Plus I said that I would prefer someone in the Kitsap/Seattle area so I and Sweetie can visit!


----------



## NorthernAutumn (Feb 6, 2010)

Please see the two lists above for details.
Update with what actions you have taken, and we will see what else everyone can come up with for you.

Remember, Love is not cruel. Love means letting go of what you love most to save them the pain.


----------



## Sweetie (Feb 6, 2010)

Well I will be going to Walmart to get a 10lb bag of rabbit food, it is just alfalfa pellets but it has the same amount of fiber as the food they are on now.
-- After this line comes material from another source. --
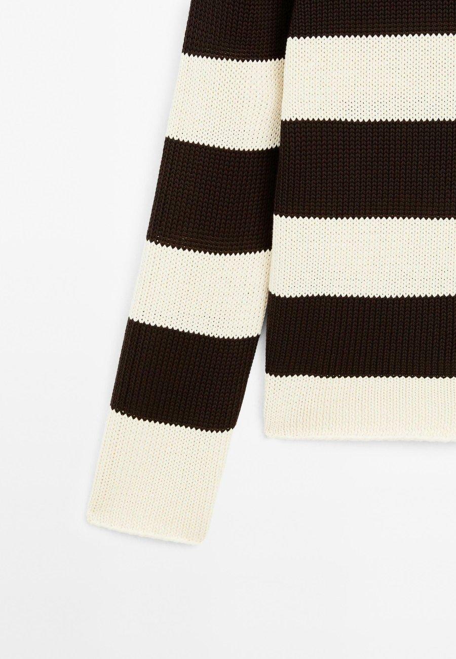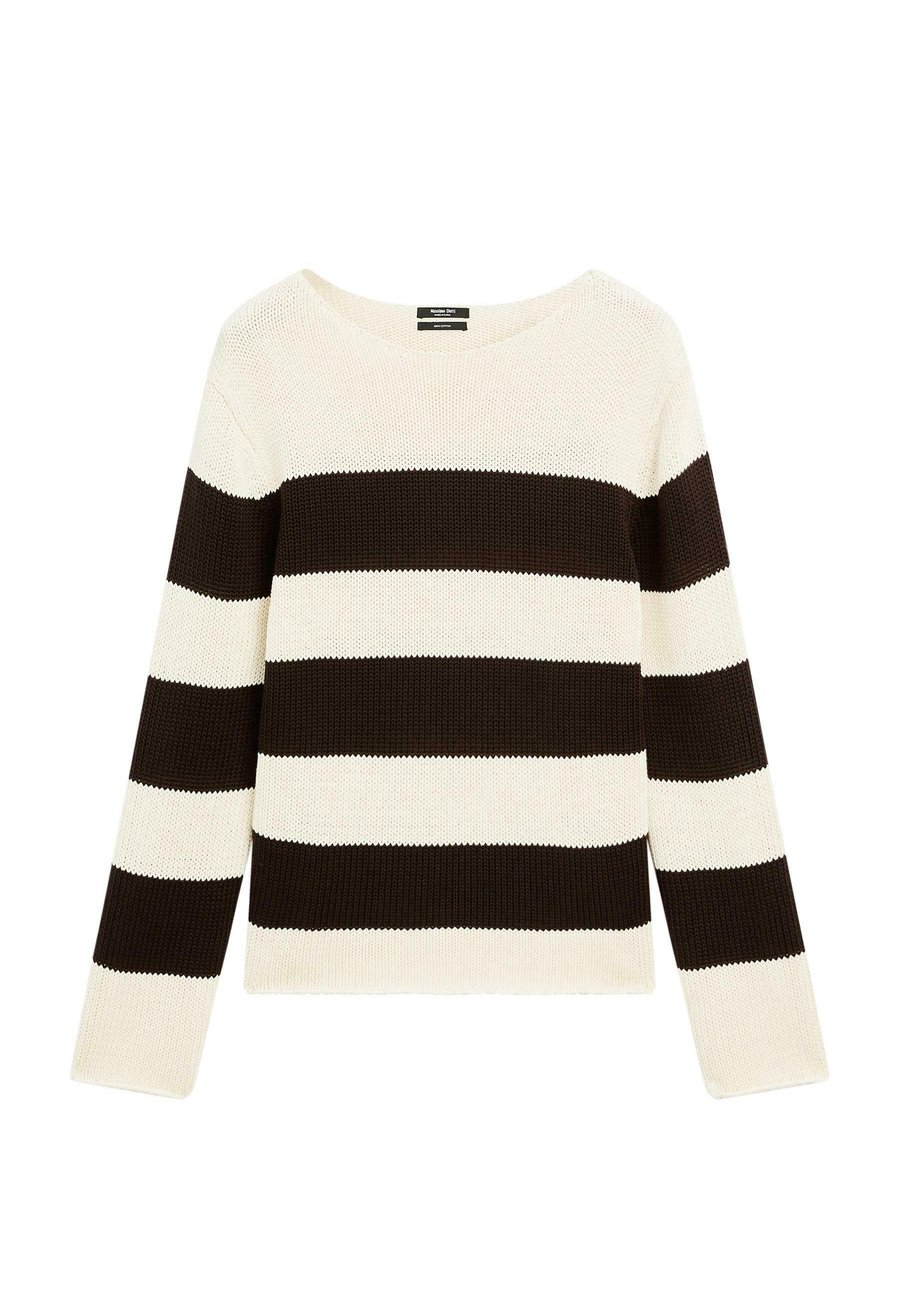 Широкий и свободный силуэт, не приталенный. Полосатая отделка. Круглый вырез. Длинные рукава. Вязаный джемпер из 100% хлопка. Вырез горловины: лодочка.Материал и уход

I will also be getting another thing of Fresh Step cat litter, I have a cat also.

These are the animals I have 

A cat
A bird
Two rabbits
11 fish and 9 snails

The fish are in a 55 gallon tank and the snails are in my one gallon tanks.


----------



## NorthernAutumn (Feb 6, 2010)

Have you really done everything on this list?
Supporting Your Rabbits In Tough Time$

Contacted local farmers, breeding clubs, asking for outer leaves from the produce section?
Did you actively search out and get a bale of hay for about $3?

These are all very do-able.

I remember that you got a lovebird spontaneously back in the fall for about $50, and the cage is worth another $50. Maybe see if you can sell the bird and cage together.
A 55 gallon tank is also sellable; the fish as well. That would reduce your electric and water costs a bit.

I am not minimizing the importance of these animals to you, but the facts are clear.
The lovebird has no bondmate to lose if you sell him to someone else who will love the bird
The fish have eachother, and won't be hurt by being sold.

It is really your rabbits that will struggle if they are split up. You must keep them together, at all costs... whether they are with you, or in a foster home. They must be together.

Put them first.


----------



## bengal77 (Feb 6, 2010)

If you qualified for energy assistance and that's how you heat your house then they can not legally shut off your power during the winter months, no matter if you pay your energy bills or not. I suggest that you look up your state laws on this issue before re-homing your pets.

And if you do need to re-home then you should re-home both as a bonded pair. Breaking them up is not the way to go. And in the end, does having 2 bunnies really cost significantly more than having one? I grow my own herbs and romaine lettuce so if you did that in a few pots inside your house/apartment (full sun) then all you'd have to pay for is pellets and hay. Use newspaper or wood stove pellets (something like $5 for a 20 pound bag) as litter and just change their litter pans everyday.


----------



## Sweetie (Feb 6, 2010)

Well I was at Walmart for the food, guess how much it cost for a 10lb bag?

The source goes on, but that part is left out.